Tencent Puts Select Music Behind Paywall, Promises More
Chinese music streaming giant Tencent Music Entertainment is experimenting with driving revenue by making some content exclusive and unavailable to its ad-supported users. It's a practice once popular in label circles but vehemently opposed by streaming leader Spotify.
According to Music Business Worldwide’s Tim Ingham, Tencent Music Entertainment has introduced paywalls for some content across its streaming platforms in China. TME, which operates Q Music, Kuwo, and Kugou, is the dominant streamer in the region with an aggregate 84% market share.

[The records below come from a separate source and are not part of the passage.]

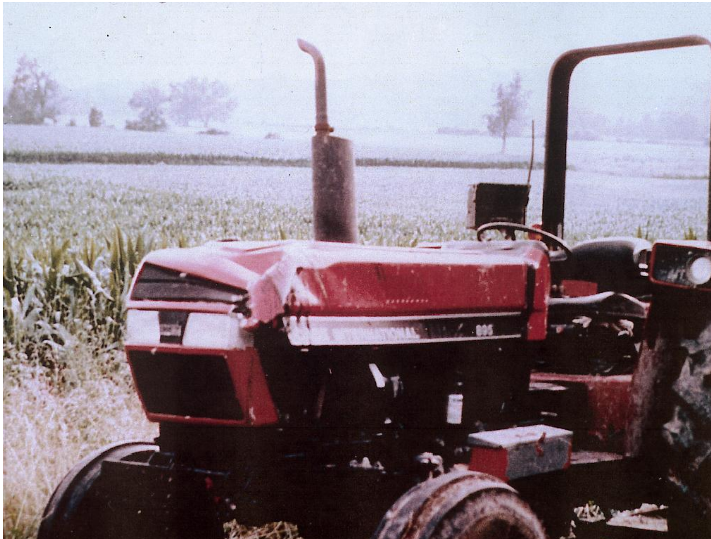
What Really Happened- Photo 5
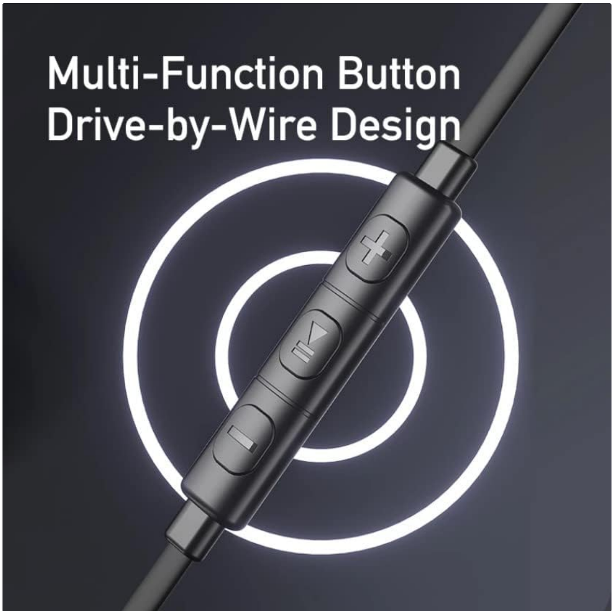
Figure 3.2: The inline remote control features multi-function buttons for managing audio and calls.
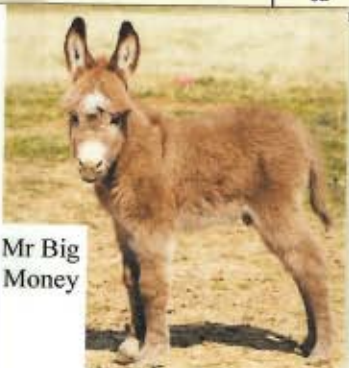
Mr Big Money
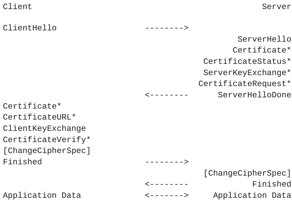
Fig. 1. Message flow for a full handshake

* Indicates optional or situation-dependent messages that are not always sent.
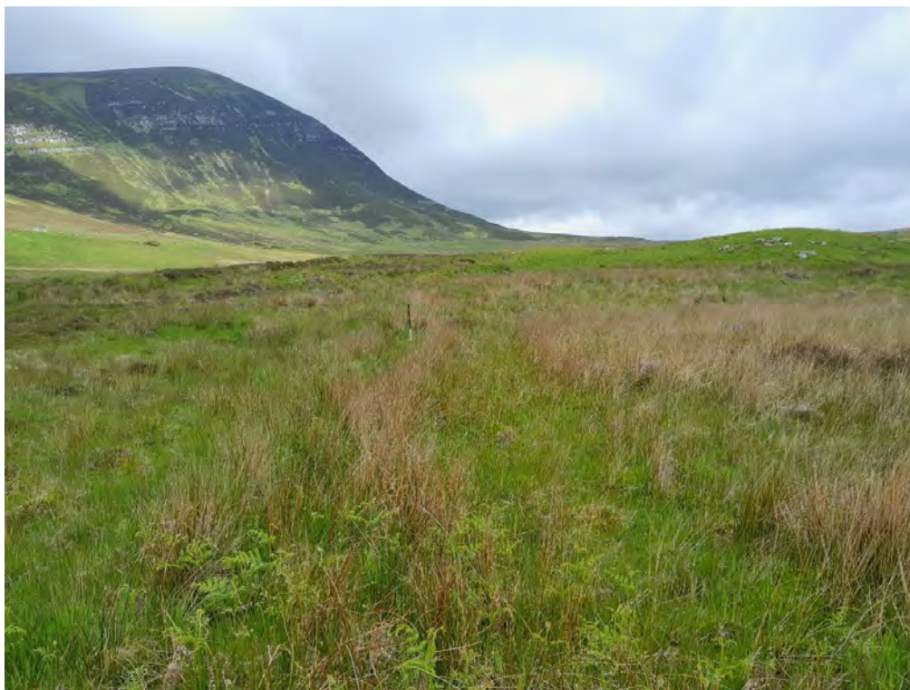
Plate 281: Dyke (Asset 961), facing north
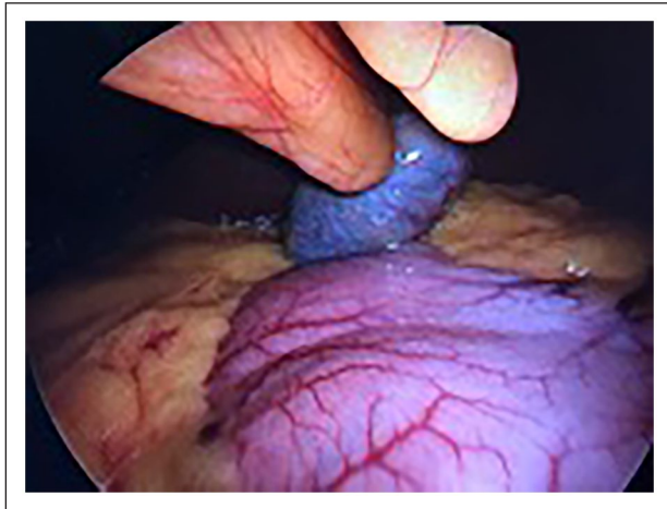
Image 1. Intra-operative picture on laparoscopy—gall bladder is seen on the left side of the falciform ligament.
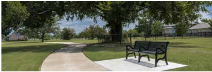
PROJECT 1: 25 Mature shade trees/5 new park bench pads/dog & people fountain installed in Towne Center Park

Successful PATH projects made possible by Charter Members and Donors include:
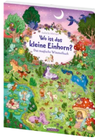
The Magical Hidden Object Book – Where is the Little Unicorn? Hardcover
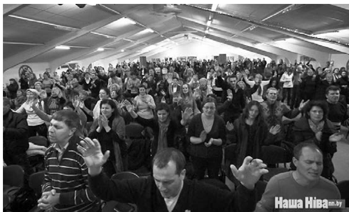
Parishioners of «New Life» holding everyday prayers for saving their temple. Minsk, 29 November 2012.
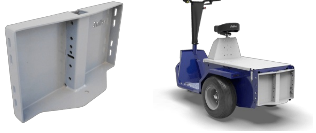
Mounting plate for hitches
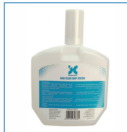
Sani Clean Drip System (Toilet Sanitizer)

TME tried paywalling content earlier this year and the company says it helped to drive growth in its paying subscriber base, which topped 31 million after adding 2.6 million during the company’s second quarter, according to recent financial filings.
“The amount of content being put behind a pay-for-streaming paywall at the moment is still a very small percentage of our total [but] this is just the beginning, and we will continue to do more,” TME’s lead strategy officer Tony Yip told investors.
Previous Paywall Experiments
The paywall strategy, which includes making content by some artists only available to paying members, either permanently, or for a ‘windowed’ period immediately after launch, was tried in the U.S. without much success.
As Ingham noted, country artist Jason Aldean 2018 release “Rearview Town” was one of the few albums to be windowed on Spotify and while the album proved to be a success, apparently not enough to inspire other artists to window their own content.
Even Taylor Swift, who has been a vocal critic of Spotify’s ad-supported streaming model, released her most recent studio album “Lover” — as well as all of her other albums, too all of Spotify’s users on the same day.
While it’s too soon to say if windowing will return to streaming services in North America, it is likely that both streaming services and rightsholders are interested in the potential revenue stream.